▸ Records for processing:
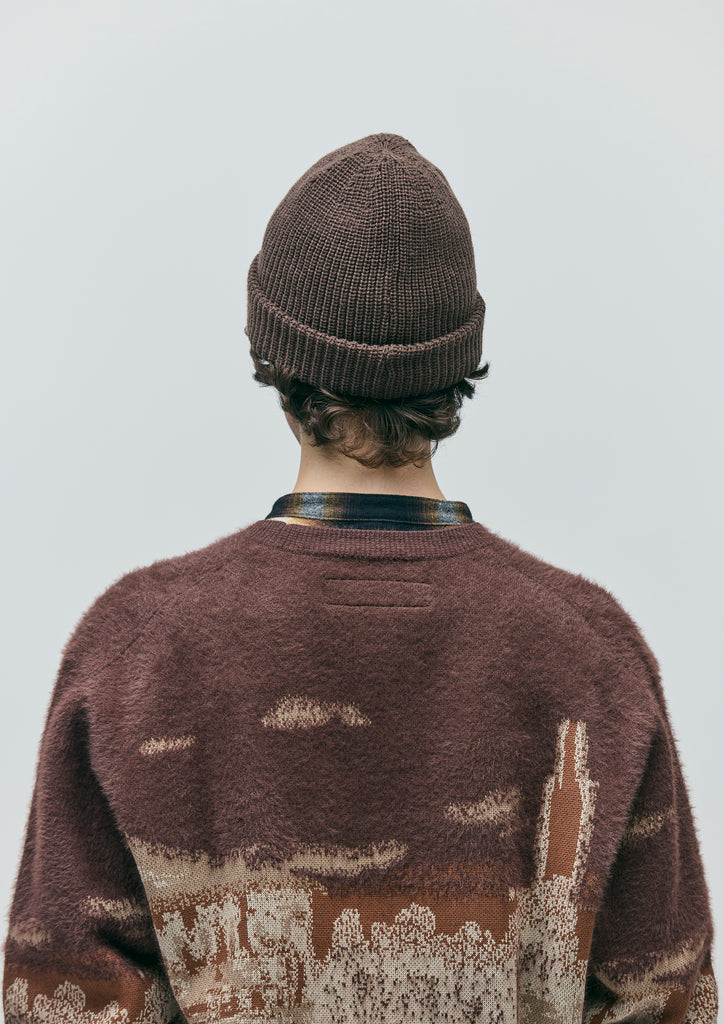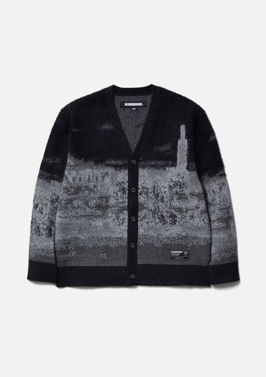 A knit cardigan made from a SOLOTEX® blend, featuring a jacquard-knit landscape pattern. Designed with original buttons and finished with a brand tag on the left hem.
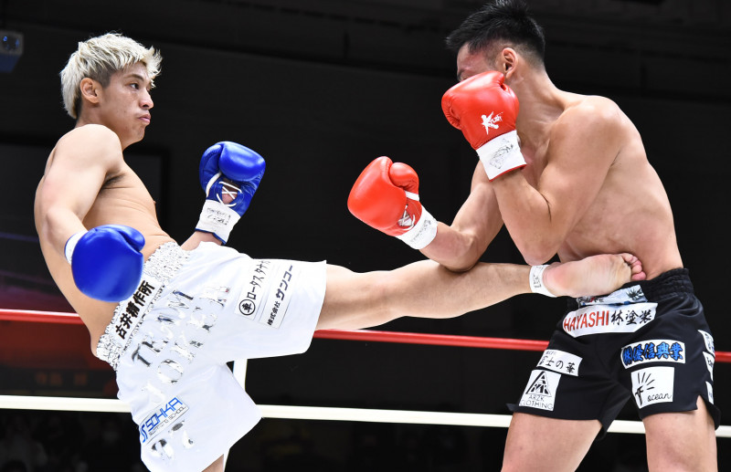 鈴木(右)に右ミドルを見舞う寺島(左)
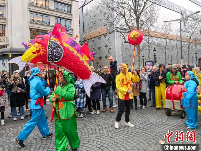浙江丽水青田县委统战部8日透露,临近龙年春节,国家级非物质文化遗产青田鱼灯“游”上法国巴黎香榭丽舍大街,向当地民众送上新春祝福。
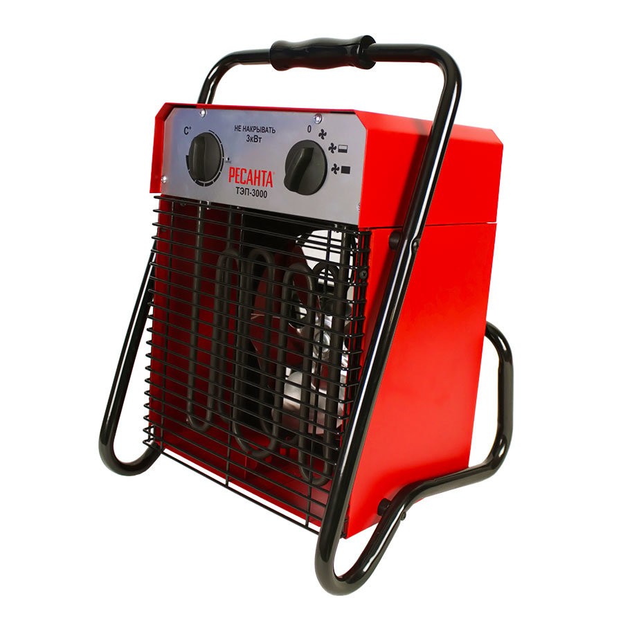 Тепловая пушка электрическая 3 кВт, 400 м³/час, 220/230 В, РЕСАНТА ТЭП-3000 (67/1/2), Красный, ТЭП-3000
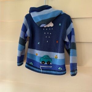 Vibrant knit hoodie with playful car and sun designs. Features shades of blue and multicolor accents.
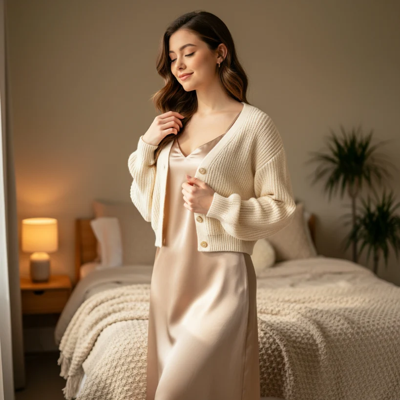 Slip dresses paired with cardigans create a soft and feminine Y2K outfit. This look is perfect for layering and works well for both casual and semi-formal settings.

▸ Task brief:
Your task is to transcribe, exactly and without additions, every line from the one that contains "Vibrant knit hoodie" to the end of the entries above, both included. Omit all pictures.

▸ Output for this exercise:
 Vibrant knit hoodie with playful car and sun designs. Features shades of blue and multicolor accents.
 Slip dresses paired with cardigans create a soft and feminine Y2K outfit. This look is perfect for layering and works well for both casual and semi-formal settings.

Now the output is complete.